And what was amazing about it is this is really the first big batch of content that we were able to generate in large part because of generative AI. I mean we use large language models for this. So it was a lot quicker and a lot cheaper to generate than what we have been doing in the past, which was mostly handmade.
Now this is not to say that humans are not involved anymore. They're still involved, but the involvement is much less because we've been using generative AI. The other awesome thing about generative AI with this is that it allowed us to do -- it's -- still it is allowing us to do things a lot faster. And what that does, it just changes the calculus for everything.
And you'll see this with English. There were projects that if they were pitched to me 7 years ago or 5 years ago, and I would just do the back of the mill calculation of how long it was going to take to make the content, and I would -- it would be pretty clear that it was going to take us 5 years to make the content. I would say let's not do that project because that's -- I don't want to spend 5 years on that.

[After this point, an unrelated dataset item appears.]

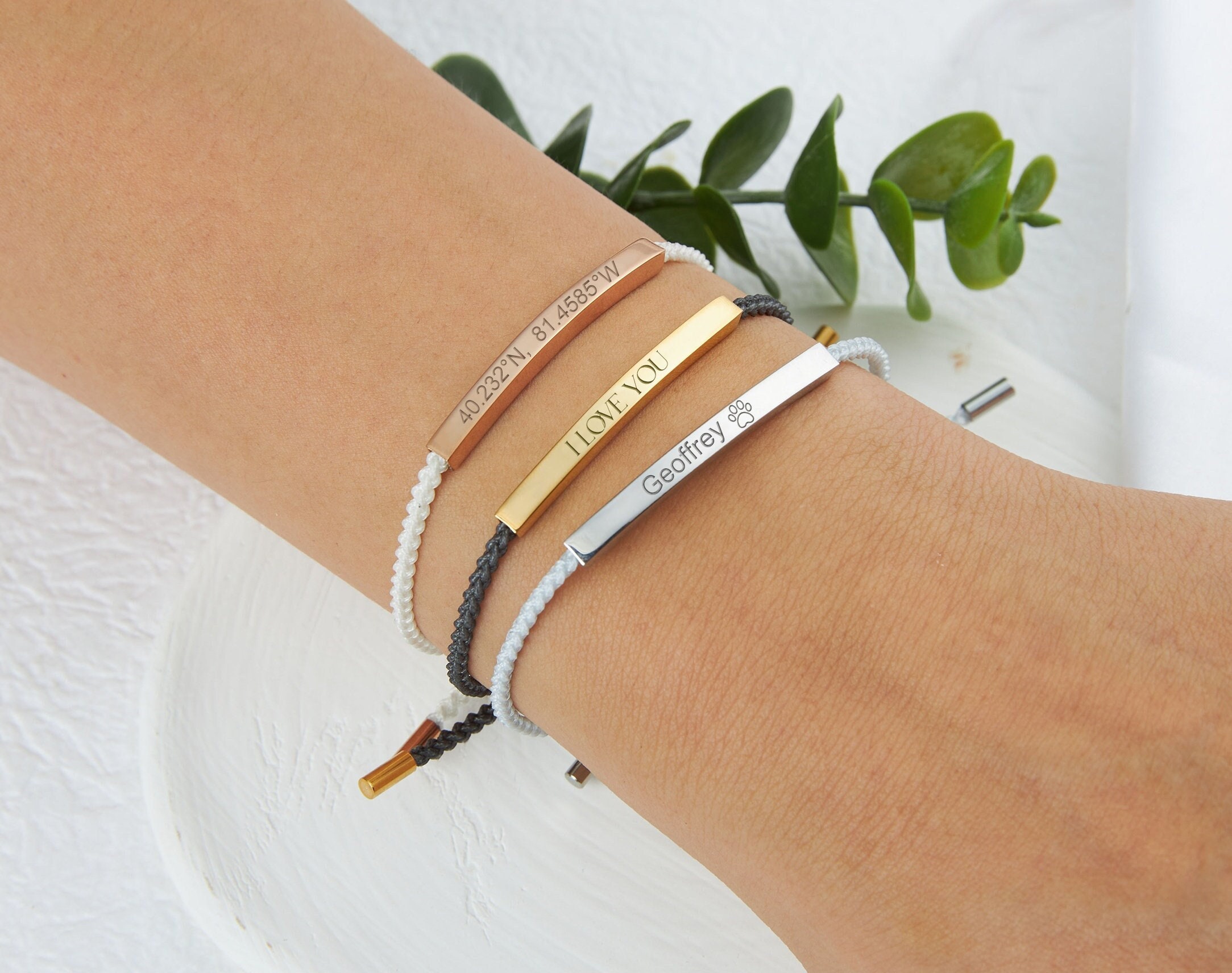 This hand braided rope bracelet can be engraved with anything you want like name/text/date etc. The ...

That same content can now be made in, call it, 3 months. So now I'm just like, yes, sure, go for the project. And even more, even if we make the content in 3 months and at the end of the 3 months, we realized we screwed something up, it's okay, we can redo it again in 3 months.
So it's just allowing us to do -- to be a lot more aggressive on what projects -- content projects we work on. So in terms of spend, I don't think this is something that you should be too concerned about in terms of the spend of the content.

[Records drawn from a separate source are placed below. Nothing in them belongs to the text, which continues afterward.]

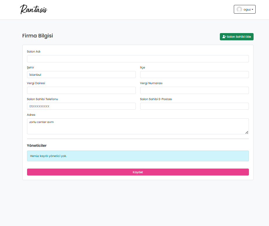 Rantasis Güzellik Salonları Randevu Takip ve İşletme, Yönetim Sistemi Programı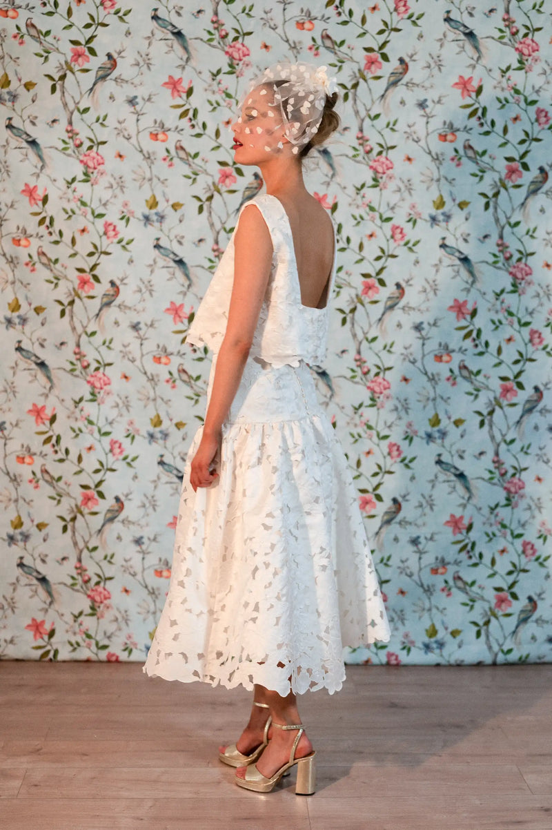 Les détails qui font tout : Jupe midi à polyester ajouré délicatement travaillé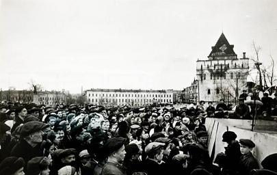 | Keywords: 9th May. Day of the German surrender. Gorky 1.jpg ru Го ьковчане слушают объявление о капитуляции Ге мании во Вто ой ми овой войне на площади инина и Пожа ского en Residents of the city of Gorky listened to the announcement of Germany's surrender in World War II in the square of Minin and Pozharsky de Die Bewohner der Stadt Gorki lauschte auf die Ankündigung der Kapitulation Deutschland im Zweiten Weltkrieg auf dem Platz von Minin und Pozharsky 1945-05-09 http //nn-stories ru/2015/05/19/war-photos/ author other versions Custom license marker 2015 08 11 PD-Russia-2008 Uploaded with UploadWizard 1945 in Nizhny Novgorod Nizhny Novgorod in the 1940s Gorky in World War II Historical images of Nizhny Novgorod Kremlin Historical images of Dmitrovskaya Tower Historical images of Minin and Pozharsky Square |

And in terms of the marketing, this is something else that we're not going to -- because as a company, we've never been a company that use this, for example, performance marketing that heavily or anything.
So you're not going to see us spend $100 million on a campaign to convince English learners on this. Probably what you'll see us do is do a lot of in-product marketing inside the Duolingo app, which is free and probably a lot of our very strong social media to convince people that Duolingo is an effective way to learn more advanced English.

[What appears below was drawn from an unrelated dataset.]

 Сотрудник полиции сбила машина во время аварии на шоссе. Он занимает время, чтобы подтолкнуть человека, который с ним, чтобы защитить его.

Makes sense. All right. That's helpful color. And then maybe just speaking of social media channels. Obviously, we continue to see developments around TikTok and a potential ban and bills being passed.
Just can you remind us sort of what percentage now of sort of marketing spends on TikTok in the U.S.? And then if the need arises and you need to continue to diversify, what's the process like to sort of migrate maybe some of those campaigns off? And what's relative effectiveness maybe on other channels relative to TikTok?
Yes. Great question, Ryan. So okay. So, there are a number of things to say here. First of all, our TikTok views are organic. So we don't pay for that. That's just -- it's organic stuff.
The -- what we've decided -- we realized a while ago that it was a good idea for us to diversify away from TikTok. This was more than a year ago. I mean we got very prominent on TikTok and that wasn't great, but we realized that it was a good to diversify.
So we've done a number of things. For one, we've invested in Instagram and YouTube shorts. The good news is that YouTube shorts and Instagram reels are products that are pretty similar to TikTok. So what works on TikTok, pretty similar things, work on YouTube shorts and Instagram reels. That's 1 thing to say.
Another thing to say is by now, actually, YouTube contributes more users than Instagram for us, already that surpassed it. So that's good for us.
The other thing is that our TikTok views in the U.S. are -- the U.S. accounts for less than -- it's a minority of the TikTok views because we have views from TikTok from all over the world.
So our sense is that if TikTok were banned, which may happen, it's probably going to take about a year for that to happen. And if that were to happen, already, it's a minority -- it's not a very large fraction of users that are coming from our TikTok views because we've diversified a particular type of use in the U.S.
And then the other kind of in-house view is that what probably happened is what happened basically in India, basically, people move to -- from TikTok to Instagram or YouTube, where we're already pretty strong. So overall, we're not particularly concerned about a potential TikTok ban in the U.S.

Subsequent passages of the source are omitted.